Capital commitments this year also include almost $10 million to shore up the century-old sea wall, $8 million for the ferry docks on the Battery Maritime Building in Manhattan and $13.8 million – including $4 million federal funds – for the Soissons dock on the Island. Less visible, but no less essential, another $11.5 million is earmarked to upgrade electrical and water infrastructure, including work on the water pipeline from Brooklyn, and $4.5 million to repair the historic roofs of Nolan Park.
The biggest single operating expense is $3.1 million for moving crowds, cars and commerce back and forth on the ferry. Other items in the operating budget include about $5 million for unglamorous but necessary maintenance and repairs, utilities and personnel.
In a letter to Mayor Bloomberg when he submitted his budget proposals Donna Milrod, who chairs the G.I.A. board, and Robert Pirani, executive director, expressed “deep appreciation” for his commitment. “Construction of the parks and public spaces, replacement of outdated infrastructure and stabilization of priceless historic buildings are all critical to attracting the tenants and private sector resources that will complete the revitalization of the Island,” they wrote.
New School on the Island?

Governors Island is one of the three choices of land that the city is offering as the site for a new school for the applied sciences – such as engineering, physics, computer science, chemistry and environmental science. The two others are city-owned space in the Brooklyn Navy Yard and on Roosevelt Island.
The official Request for Proposals seeks plans “to build or expand a state-of-the arts campus.” The city offer includes access to city land and investment of up to $100 million in city support, subject to a substantially larger match by the winner.

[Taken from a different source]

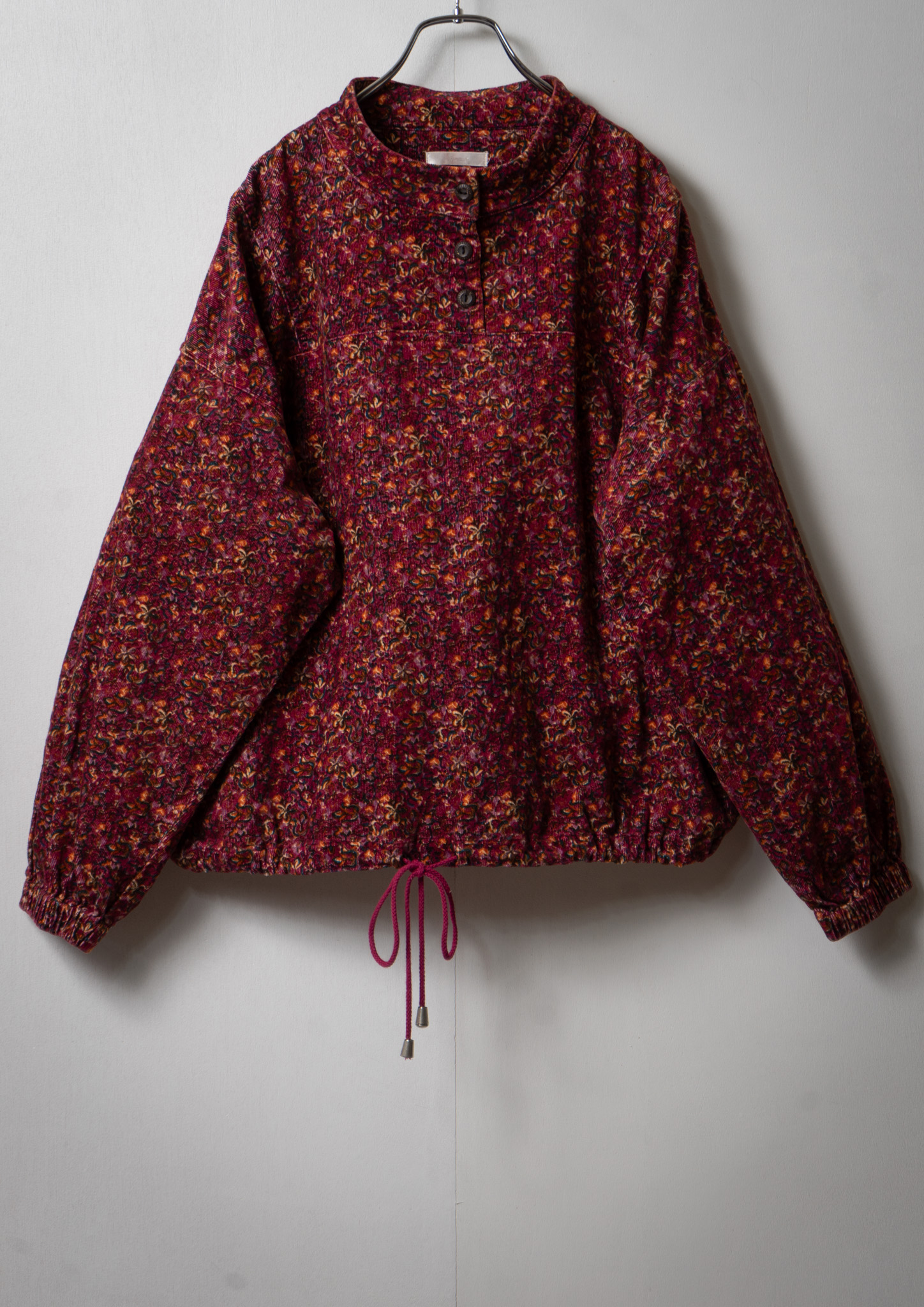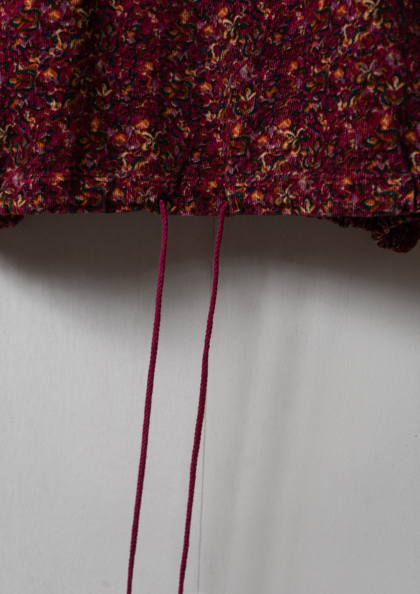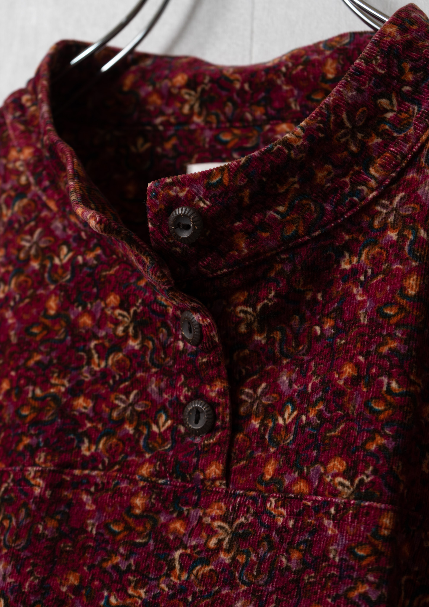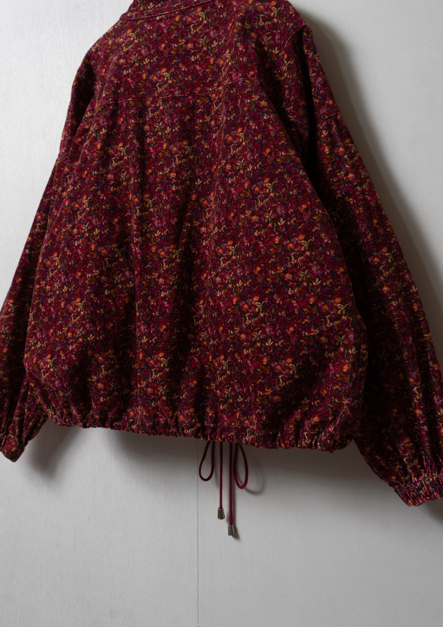 80's Botanical Pattern Bordeaux Corduroy Tops

When the city first sought expressions of interest last spring, it received 18 responses from 27 institutions, many of which have come out to the Island to inspect the possibilities. Some institutions had banded together, such as Columbia and the City University. Another grouping combined N.Y.U., C.U.N.Y, Carnegie Mellon, the University of Toronto and I.B.M. Stanford University has a billion-dollar plan for 2,200 grad students and 100 professors on Roosevelt Island.
Responses to the RFP are due in late October, with a final selection promised by the end of the year. The opening of the first phase of the project is anticipated for 2015.
P.S. Mayor Bloomberg majored in electrical engineering at Johns Hopkins.
America’s Cup Winners In Harbor School Regatta
There will be a grand display of sails and sailing in the Harbor School Regatta on October 6 – four of the huge America’s Cup 12-meter boats, racing around the Island to benefit the school’s College Scholarship Fund.
Winners Weatherly (1962) and Intrepid (1967 and 1970) will match skills against two boats that were edged out in the trials before the main event, Nefertiti and Ted Turner’s American Eagle. They represent the classic wooden models that were standard before new-fangled fabrics and crazy keels took over a half-century ago.
Two dozen J24′s from the Manhattan Sailing Club will be out there, too. We can’t imagine what will happen when they are all tacking through Buttermilk Channel at the same time, but anyone can watch from a spectator boat for $100. This includes a “Post-Regatta Bash” on Water Taxi Beach.
To sponsor a boat and sail in the regatta, contact regatta@cwandco.com. To buy tickets (prices go up September 15) click here.
TGI adds CFO
Willa Padgett has been named chief financial officer for the Trust for Governors Island, a new post. She has had a career in public service, focused on budget planning and management for city agencies and non-profits. She was an assistant director of the city’s Office of Management and Budget, and worked most recently for the Brooklyn Navy Yard Development Corporation.